Chiara Gualzetti si era allontanata alle 9 del mattino di domenica e non aveva più dato notizie. Nel primo pomeriggio i genitori allarmati hanno chiamato i carabinieri e sono partite le ricerche. Il suo corpo senza vita è stato trovato in cima ad un’altura nel parco regionale dell’Abbazia di Monteveglio, sui colli del Bolognese. Chiara era lì, a poche centinaia di metri dalla sua casa.

Da quanto tempo il corpo di Chiara fosse lì resta da appurare perché il parco è molto frequentato soprattutto nel weekend e proprio domenica tante persone si sono spostate su questa collina in cerca di fresco.
Il cadavere di Chiara era ai bordi di un boschetto. Sul suo corpo di 15enne erano visibili tagli all’altezza del collo e altri segni di coltellate, e poi lividi come se la ragazzina fosse stata picchiata.

Un amico che frequentava ha confessato

I primi sospetti si sono concentrati su un appuntamento che aveva domenica mattina con un amico, un ragazzo della sua età, che frequentava da qualche tempo. Anche la famiglia lo conosce e sapeva che era un amico, niente di più.
Quando Chiara Gualzetti è scomparsa domenica, gli inquirenti hanno sentito le persone che potevano averla vista per ultima, tra cui il minore. Ma il ragazzino avrebbe tentato di sviare i sospetti, dicendo che Chiara doveva incontrarsi con qualcuno conosciuto sui social. Invece sarebbe stato proprio lui a vederla per ultimo.
Ieri è stato sentito fino a tarda sera in caserma a Bazzano e lì ha confessato: è indagato per omicidio ed è stato fermato.

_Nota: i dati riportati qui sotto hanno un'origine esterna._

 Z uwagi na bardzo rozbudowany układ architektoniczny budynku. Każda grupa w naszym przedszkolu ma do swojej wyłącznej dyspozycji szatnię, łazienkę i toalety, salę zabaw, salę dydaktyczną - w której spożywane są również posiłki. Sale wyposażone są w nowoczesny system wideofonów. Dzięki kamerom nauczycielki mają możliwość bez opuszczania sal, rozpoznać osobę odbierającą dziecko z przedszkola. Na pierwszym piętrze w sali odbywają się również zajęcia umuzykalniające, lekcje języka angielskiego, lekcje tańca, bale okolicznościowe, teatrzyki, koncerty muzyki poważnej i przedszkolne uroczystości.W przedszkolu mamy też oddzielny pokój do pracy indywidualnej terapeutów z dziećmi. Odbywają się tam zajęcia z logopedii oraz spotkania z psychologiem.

Ipotesi di una follia pianificata insieme

Il ragazzo è stato ascoltato fino a tardi dai militari. In particolare, le indagini erano tese a capire cosa i due adolescenti avessero fatto insieme: se Chiara Gualzetti fosse stata uccisa subito domenica mattina o se i due avessero passato la giornata insieme fino al tragico epilogo.
Quello che emerge dalle prime indiscrezioni è una logica folle: Chiara e il diciassettenne forse avevano pianificato questa giornata. Lei avrebbe manifestato con l’amico l’intento di farla finita e lui l’avrebbe ‘aiutata’. Una ricostruzione confermata anche da alcune chat fra i due dove, come raccontano gli amici della ragazza, lei avrebbe scritto “Mi uccidi tu o lo faccio io?“.

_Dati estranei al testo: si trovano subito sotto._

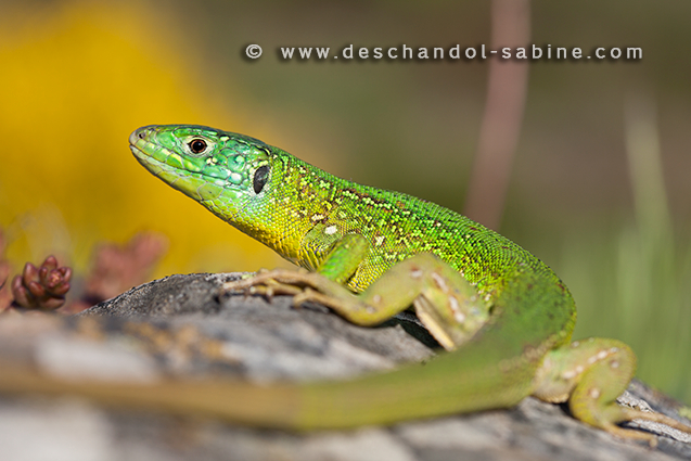 : Lézard vert occidental (Lacerta bilineata), Picos de Europa, Espagne.

Le parole del legale del ragazzo

Il mio assistito è molto scosso e si è messo a piena disposizione. Capiamo il dolore della famiglia. Che è il dolore di due famiglie“. Così l’avvocata Tania Fonzari, difensore di fiducia del sedicenne fermato nella notte per l’omicidio di Chiara Gualzetti.
La legale è stata al fianco del giovane fino a tarda notte, quando si è concluso l’interrogatorio durante il quale ha confessato. Ora si attende la fissazione dell’udienza davanti al Gip del tribunale per i minorenni di Bologna per la convalida del fermo.

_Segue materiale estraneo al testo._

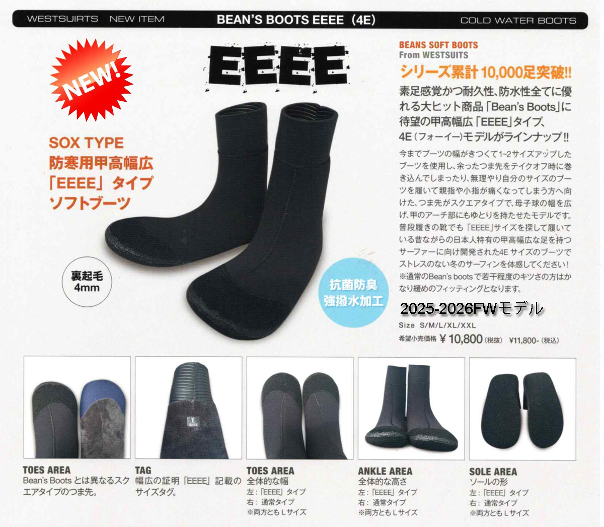 日本人特有の甲高幅広な足を持つサーファー向けに開発された4Eサイズブーツもあります!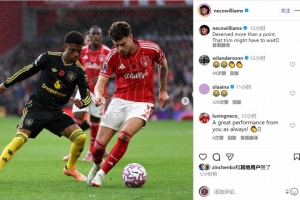 體育資訊11月2日訊 英超第10輪比賽,內科-威廉姆斯踢滿全場,幫助諾丁漢森林主場2-2戰平曼聯。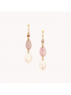 Grandes boucles en laiton, jaspe paysage, nacre brune et Howlite, dorées à l'or fin. Hauteur 7 cm.

Il disagio manifestato da Chiara Gualzetti sui social

Chiara Gualzetti recentemente aveva manifestato un crescente disagio pubblicando sui suoi social  dei post contenenti espressioni cupe e malinconiche: “Mi dicono che ho un bel corpo, mi dicono che sono intelligente e bella… E va sempre a finire che quando lo dicono, lo dicono per approfittarsi del mio corpo e della mia intelligenza. Oppure spariscono perché si stancano di provare a usare il mio corpo e si stancano della mia intelligenza”, scriveva qualche mese fa. A inizio 2020 Chiara raccontava di una sua ingenuità, di ‘errori’, di una forza che non riusciva a trovare per affrontare chi, sue parole, la tormentavada anni con le prese in giro“.
Frasi che ora stanno leggendo gli inquirenti.

La disperazione dei genitori di Chiara Gualzetti

Sono tanti gli interrogativi ancora senza risposta in una storia assurda. A partire da come sia stato possibile che nessuno avesse visto quel corpo prima, se era lì da domenica o se invece non sia stato abbandonato lassù tempo dopo l’omicidio.
I genitori di Chiara Gualzetti, originari della Campania, non riescono a trovare un perché in tanta disperazione.
Non me la sento di dire nulla, ho solo bisogno di stare tranquillo” dice papà Vincenzo composto nel suo dolore, mentre per tutto il pomeriggio i familiari si stringono ai genitori nel cortile di casa. “Ho bisogno di capire” ripete tra le lacrime il padre.
Mamma Giusi ha un lapsus e mentre porta fuori la cagnetta adorata dalla figlia, chiama “Chiara“. La famiglia, che non ha altri figli, è arrivata a Monteveglio da Napoli diciassette anni fa, un anno prima che nascesse Chiara.